____ SUPPLIED MATERIAL

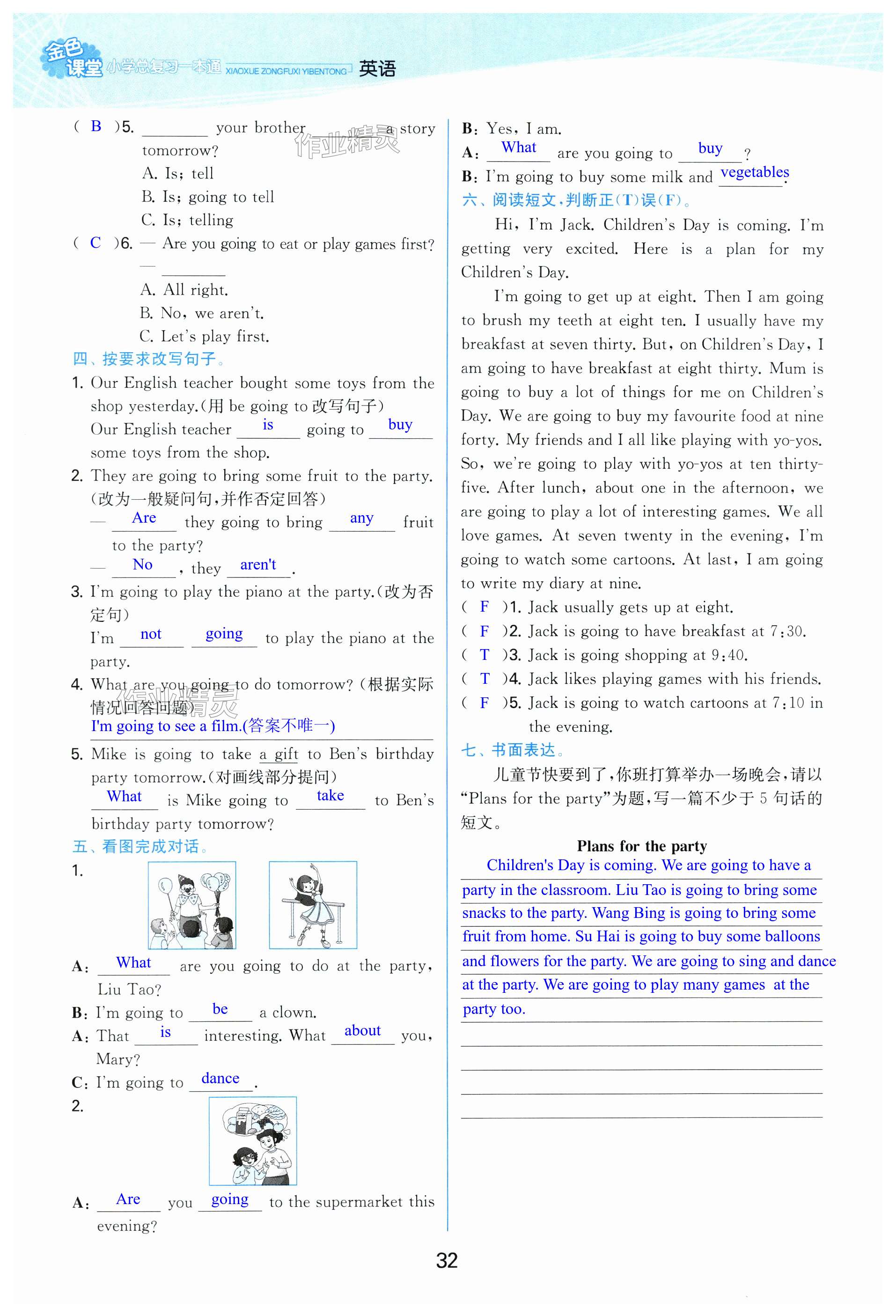 注:目前有些书本章节名称可能整理的还不是很完善,但都是按照顺序排列的,请同学们按照顺序仔细查找。练习册 2024年金色课堂小学总复习一本通英语 答案主要是用来给同学们做完题方便对答案用的,请勿直接抄袭。
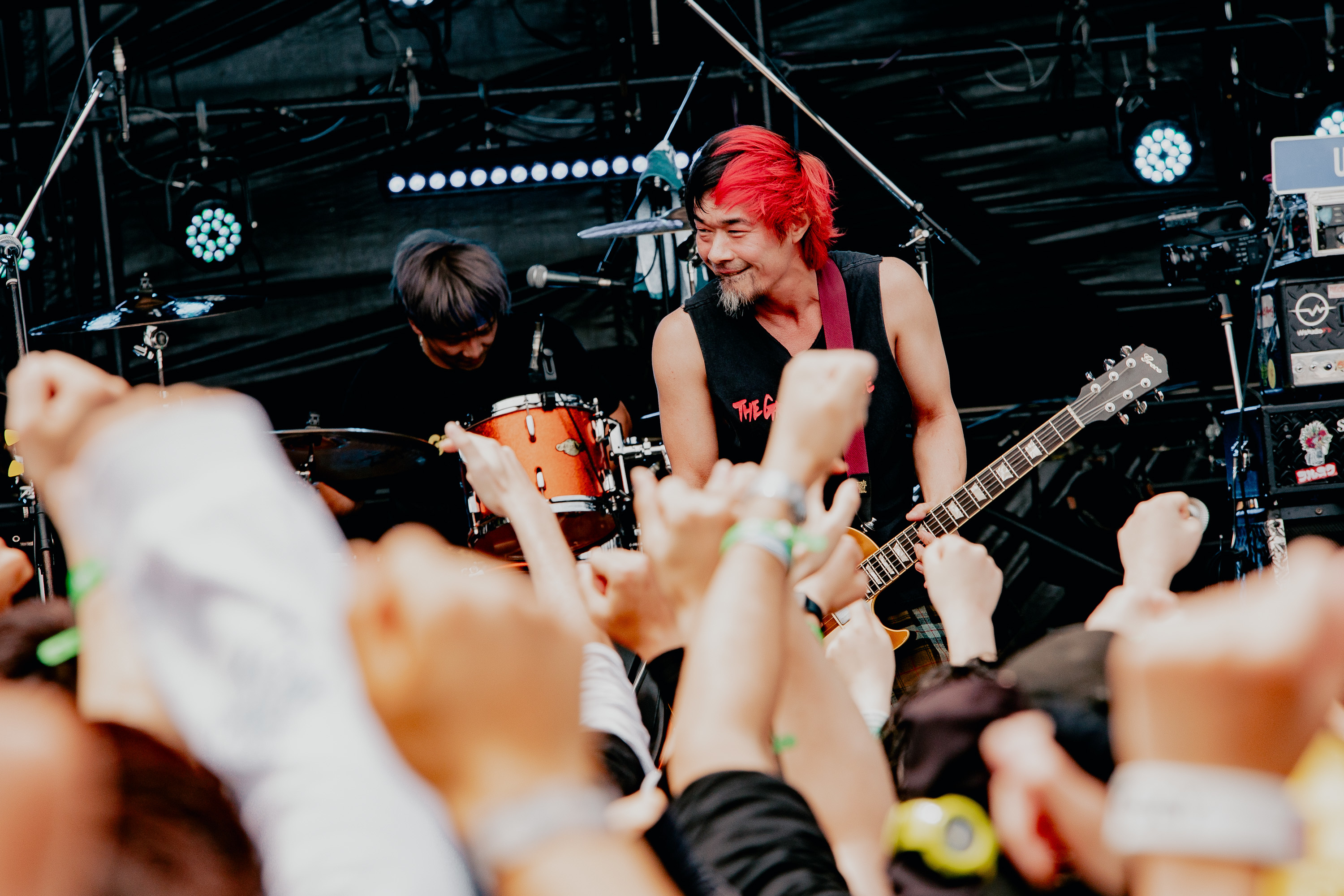 GOOD4NOTHINGは、「Cause You’re Alive」からフルスロットルで「RIGHT NOW」「Maximize」と畳み掛ける。U-tan(Vo.Gt)が「めちゃくちゃ楽しいやんけー!」と見せたはち切れんばかりの笑顔は、オーディエンスの表情の写鏡であり、フロアは早々に沸点めがけて高騰。MCでは「大好きな仲間の大事なイベントに出させてもらえて、バンドマン冥利につきます!」と喜びを露に。今年25周年、4月に新メンバーとしてsasa(Dr.Cho)が加入したばかりのGOOD4NOTHINGにとっても特別なステージであり、その想いの丈は最新アルバム『HEARTS BURNING』の楽曲を織り交ぜながらしっかりと届けられた。
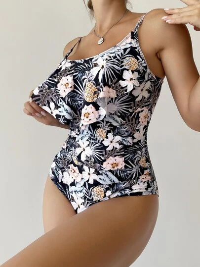SHEIN Swim Traje de baño de una pieza con estampado tropical y volantes - Multicolor - Añade 1
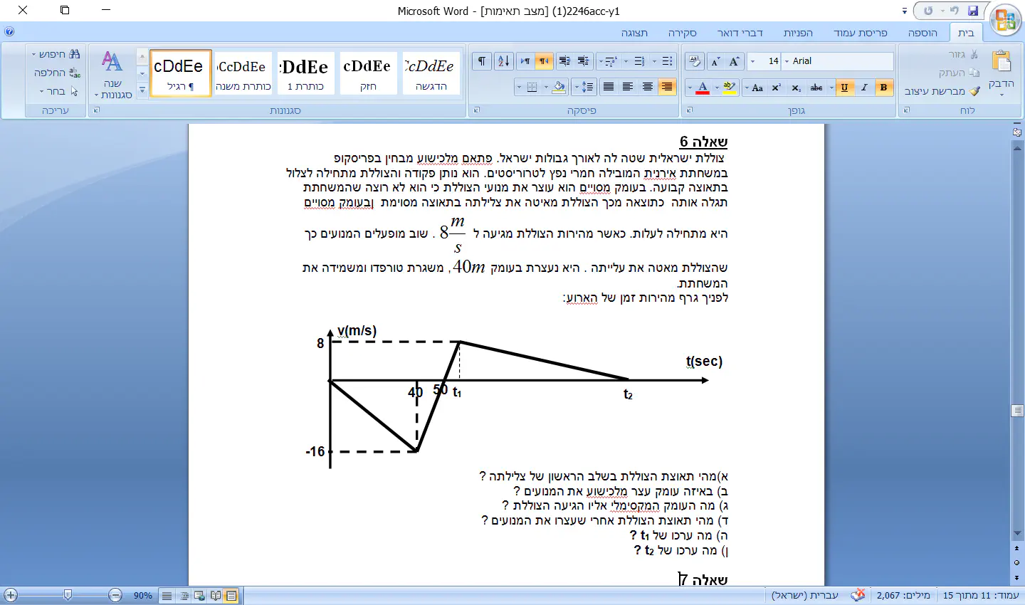 ב. עפ"י הנתונים שצויינו בסעיף הקודם, dy=(-16*40)/2=-360m.

________

#### ASSIGNED TASK:
Return all the data exactly, and keep the pictures out.

#### RESULT OF THE TASK:
 注:目前有些书本章节名称可能整理的还不是很完善,但都是按照顺序排列的,请同学们按照顺序仔细查找。练习册 2024年金色课堂小学总复习一本通英语 答案主要是用来给同学们做完题方便对答案用的,请勿直接抄袭。
 GOOD4NOTHINGは、「Cause You’re Alive」からフルスロットルで「RIGHT NOW」「Maximize」と畳み掛ける。U-tan(Vo.Gt)が「めちゃくちゃ楽しいやんけー!」と見せたはち切れんばかりの笑顔は、オーディエンスの表情の写鏡であり、フロアは早々に沸点めがけて高騰。MCでは「大好きな仲間の大事なイベントに出させてもらえて、バンドマン冥利につきます!」と喜びを露に。今年25周年、4月に新メンバーとしてsasa(Dr.Cho)が加入したばかりのGOOD4NOTHINGにとっても特別なステージであり、その想いの丈は最新アルバム『HEARTS BURNING』の楽曲を織り交ぜながらしっかりと届けられた。
SHEIN Swim Traje de baño de una pieza con estampado tropical y volantes - Multicolor - Añade 1
 ב. עפ"י הנתונים שצויינו בסעיף הקודם, dy=(-16*40)/2=-360m.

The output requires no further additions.